The scope of the project is a game. As pictured above, it has a rule book, some art materials, and it comes in a box. Players can choose whether to execute one of several projects, and the projects are based on works by several archetypes of conceptual and contemporary art of the 20th Century. 

Exhibiting one room over is Rachel England, who is showing the work she made for her senior thesis at the Corcoran, only with a twist. Instead of it being some inert installation, visitors are invited to destroy the work, pulling the crocheted scarves apart - skein-by-skein.

Creation in one room. Destruction in the other. All work is participatory. 

On March 24th, the space was open for an artist talk. Only, we didn't talk. We just directed people through the act of participating with our projects. Pictured above are people diligently working on their pieces. More images on DoisMae's website.

This idea has had an odd life.
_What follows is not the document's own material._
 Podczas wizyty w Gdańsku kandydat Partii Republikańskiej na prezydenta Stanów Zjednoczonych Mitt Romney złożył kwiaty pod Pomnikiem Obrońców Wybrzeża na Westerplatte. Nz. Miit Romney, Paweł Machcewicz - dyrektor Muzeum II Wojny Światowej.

Initially it was proposed to Transformer near the end of 2010. In a reply to the submission I was told that review of proposals sometimes takes a while. I guess the proposal is still under review. Then in late 2011, the curator from VisArts Rockville approached me about a 2012 exhibit. I introduced the idea, he liked it, the exhibit was scheduled, contracts were getting signed, and then someone higher up the food chain explained they no longer agreed with the curator's vision, released him from his contract, and along with it all of his exhibits (I guess he wasn't showing enough community plein air hobbyists, or something).
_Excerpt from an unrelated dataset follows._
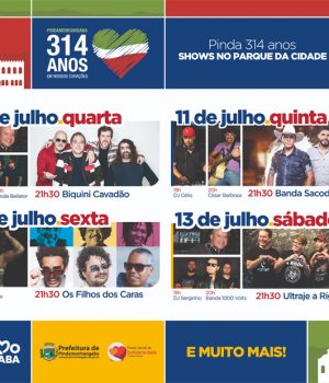Quem ainda não conseguiu garantir seu ingresso para os shows dos 314 anos de Pinda no Parque da Cidade terá uma ótima oportunidade neste sábado (6): haverá dois postos de troca de ingressos por alimentos, um na Praça Monsenhor Marcondes e outro no Parque da Cidade.
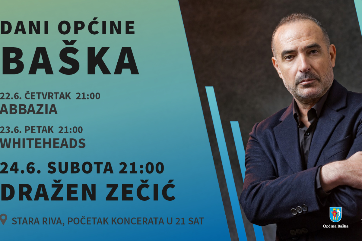 13:00 Formal session of the Municipal Council in the hotel "Corinthia" in Baška, with the performance of Klapa ZVONIMIR and children of the Regional Kindergarten Baška, and the folklore group of the Cultural Center GATALINKA Vinkovci.

As with many of my projects, there are a bundle of ideas converging.

  1. After nearly a decade of teaching, I've had a lot of students resist contemporary art, and with it conceptual art. I wondered if there was a way to make the ideas and processes more accessible.
  2. Then there is the idea of traditions: old masters had apprentices, and sometimes the pieces of mature apprentices look nearly indistinguishable from the old master. At the very least you can see the relationship. Think early Raphael as compared to Perugino. 500 years ago, the practice of teh student looking similar to the master was more desirable. Now it is derivative. Anyone who drips paint on a canvas clearly echoes Pollock, and that's a bad thing, I guess, unless it's a slipcover for the couch. 
  3. Additionally, I think Art should be affordable, everyone should make art (so, I don't really poo-poo the plein air painter), and everyone should have "original" art to display in their homes and offices (i.e. something made by had, not by machine).  Clearly I don't think this should be everyone's living. I think it should be something they know how to do. That they shouldn't be limited to avenues of representation. That they should be open to a broad range of ideas, disciplines, and work. (I fully accept not all art made from my project will be good.) 
  4. Of course there are some notions of subverting the function of the gallery space: Of making the gallery space interactive and collaborative: Of changing convention and expectations. Working with Mark Cameron Boyd opened me up to some of these ideas. And I can't ignore how popular the ideas has become to others, for example Reuben Breslars' Sketch (ironically, at Transformer), and Eames Armstrong's Smutty Valentine, artists leading artists in community art-making activities is nothing new. However, I (and I assume they also) don't want this to be limited to just artists. 
  5. Finally, I've been wanting to write a book. I've been wanting to make a game. This project is a convergence of those two whims.

The game is selling for $30 ea. Half of all sales will go to the Tulk Family Education and Assistance Fund.